Peut-être que notre écriture est autre ? Inclassable ?
Peut-être n’est-elle pas encore perçue comme un
faire-valoir ? À beaucoup de points de vue. Peut-être se
méfie t-on, doute t-on, secrètement des capacités
d’un peuple bercé par l’expression orale à
écrire sur lui même ?
Peut-être fais-je fausse route dans mes suppositions ?
J’aimerais tant obtenir des réponses. Je resterai
sur ma faim durant ce nouveau salon du livre.

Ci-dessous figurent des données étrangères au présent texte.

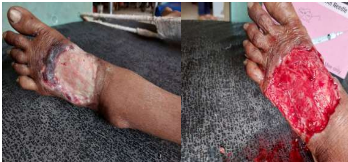
Fig: Day 0 and Day 19 of NSD diabetic foot wound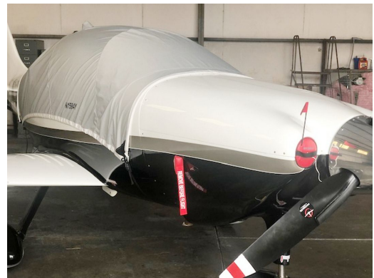
Columbia 350 Travel Cover, Engine Plugs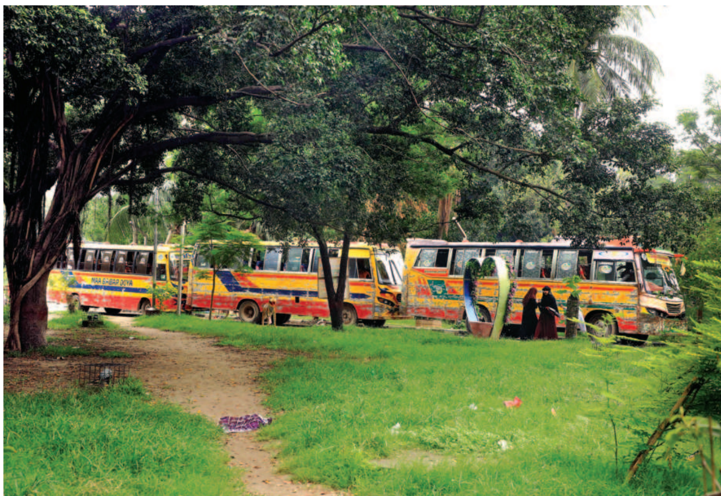
Buses are parked inside Gulistan Shaheed Matur Rahman Park, meant to provide locals with a green space in this concrete jungle. Locals say the bus owners bribe the park authorities to park there.

The High Court had in March granted him provisional permission to appeal on grounds that he might be discriminated against as a foreign national, but invited the US to submit assurances.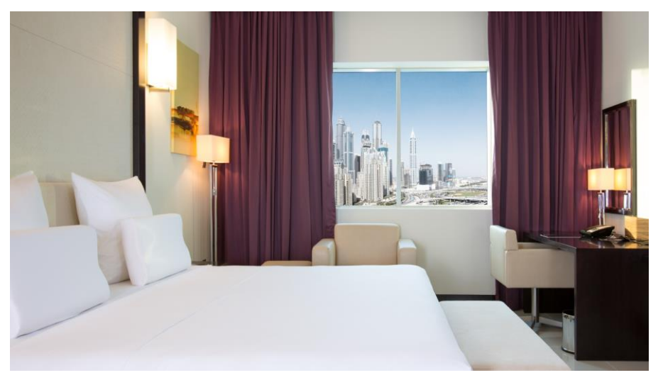
Superior Room King Bed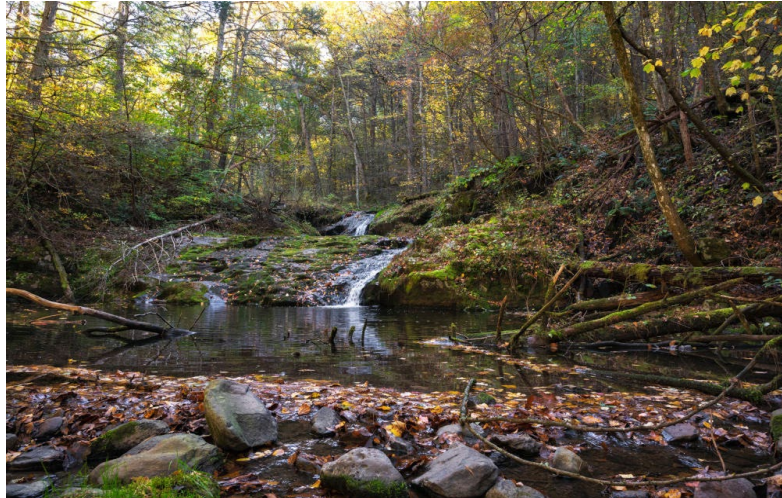
Photo of land on Tanners Ridge acquired by the Shenandoah National Park Trust. Of note, there were several large, healthy hemlocks near the creek (Naked Creek), and a waterfall.

In 2023, the Shenandoah National Park Trust (SNPT) acquired 969 acres of rolling woodlands in Page County, VA that had been under threat of development for many years. The acquisition of these acres by the SNPT was made possible through DuPont Waynesboro Natural Resource Damage Assessment and Restoration (NRDAR) settlement funds and the collaboration of many partners and landowners including the SNPT, Potomac Appalachian Trail Club, Valley Conservation Council, the Commonwealth of Virginia, the US Fish and Wildlife Service, and the supportive landowners who rallied together in an effort to protect this large area of contiguous forest.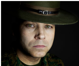
The 5 Dumbest Things to Do If You're in Debt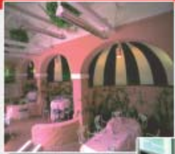
Fits any decor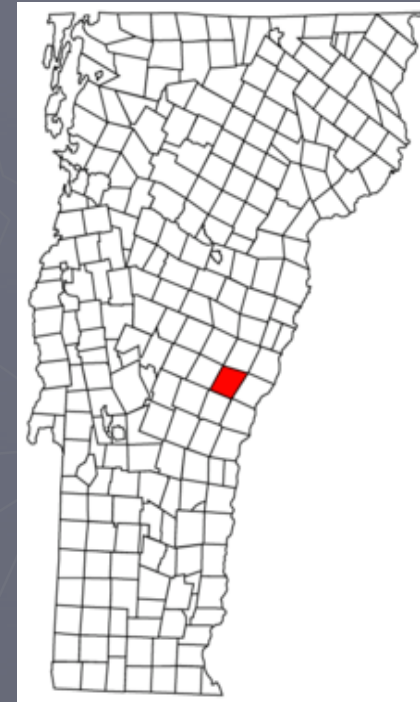
Sharon's location in the state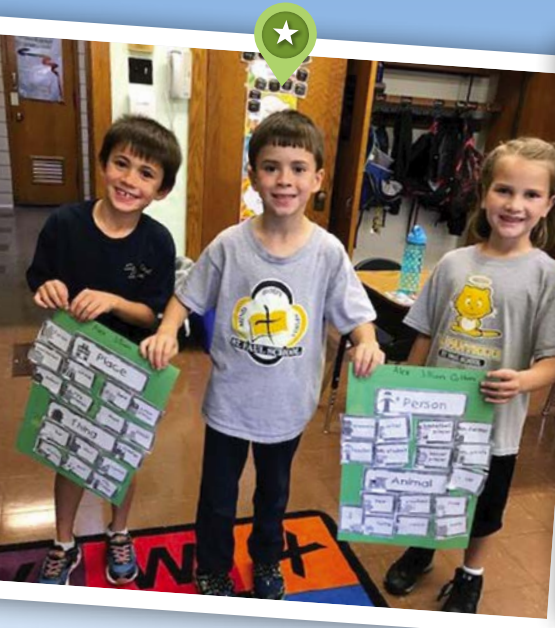
Person? Place? Thing? or Animal? Second graders collaborated on sorting and determining nouns in small groups.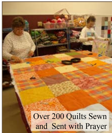
Over 200 Quilts Sewn and Sent with Prayer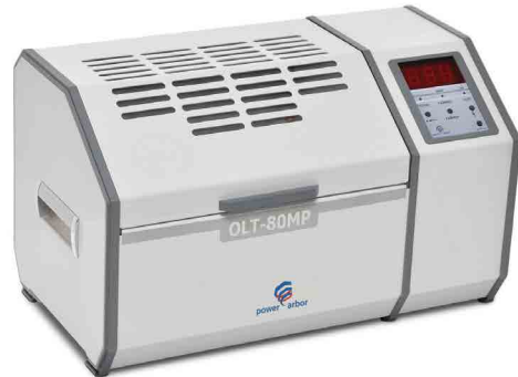
MP-Series: OLT-80MP, OLT-90MP, OLT-100MP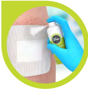
Use on Porous Material (LIFTEEZ Aerosol & Wipes)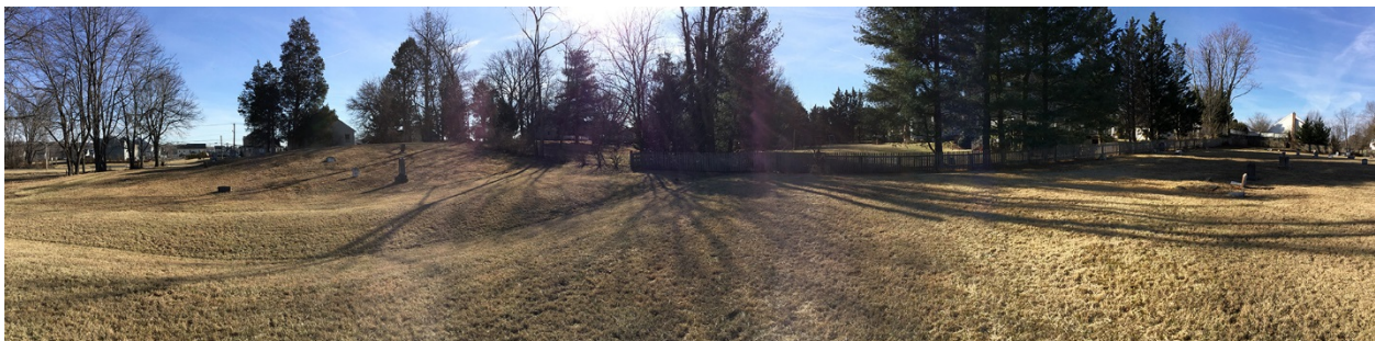
3. Panoramic from east to south to west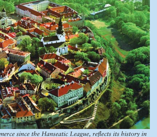
that define its picturesque skyline.

On a panoramic city tour, see the stately Senate Square and the diplomatic quarter of Kaivopuisto. Visit the modernistic Temppeliaukio Church, or "Church of the Rock," impressively hewn out of natural bedrock. Enjoy free time to explore Helsinki's lively Market Square before reboarding the ship. (B,L,D)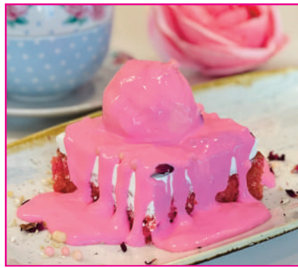
Rose 'Royal Albert' ..... 4.5 Delicious rose cake with cream, ice cream cream and a mouthwatering rose sauce, surrounded by rose petals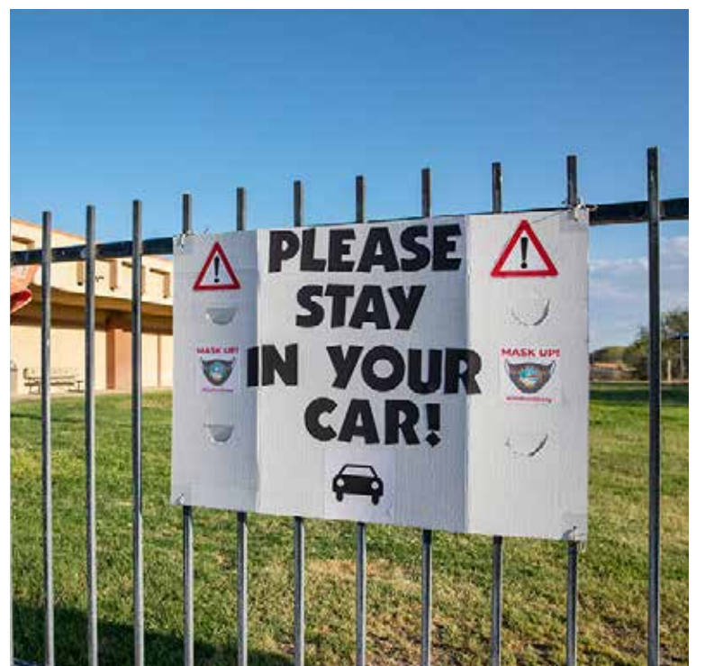
Casa Blanca Community School held a "Technology Distribution" from August 10-14 for students to attend school through virtual classes or distance learning for students.

Casa Blanca began virtual learning on August 3rd for stu-

Devrions-nous utiliser des filières anglophones pour
être reconnus ailleurs que chez nous, auprès du grand
public ? Célestine Hitiura Vaite nous prouve que cela
est possible. Elle est actuellement notre seule
ambassadrice internationale qui insiste à chacune de ses
interviews :
« Mais si, c’est vrai, on écrit aussi à Tahiti, en
Polynésie. »
L’espoir le plus sérieux passerait-il par la
traduction de la langue anglaise et par la publication
anglo-saxonne ? De POM, pourquoi, alors, ne pas nous
transformer en POM POM (Majorettes) ? Et parader avec
nos crayons en guise de bâtons ? Cette raillerie me fait
rire toute seule.
Le moment des adieux est arrivé. Les colliers de coquillages remplacent les guirlandes de fleurs. Les accolades, les embrassades, les émotions authentiques, scellent les liens d’une famille littéraire agrandie. Puissent nos invités habitant l’autre côté de la terre être les témoins francophones de notre existence. Puissent nos invités du Pacifique Sud être toujours nos alliés en littérature. Nos amis.
On s’est connus, on s’est reconnus,
On s’est perdus d’vue, on s’est
r’perdus d’vue
On s’est retrouvés, on s’est
réchauffés,
Puis on s’est séparés.
Chacun pour soi est reparti,
Dans l’tourbillon d’la vie
Marie Claude Teissier-Landgraf
* Poème de Paul Wamo extrait du livre Le Pleurnicheur, Éditions l’Herbier De Feu – Nouvelle Calédonie.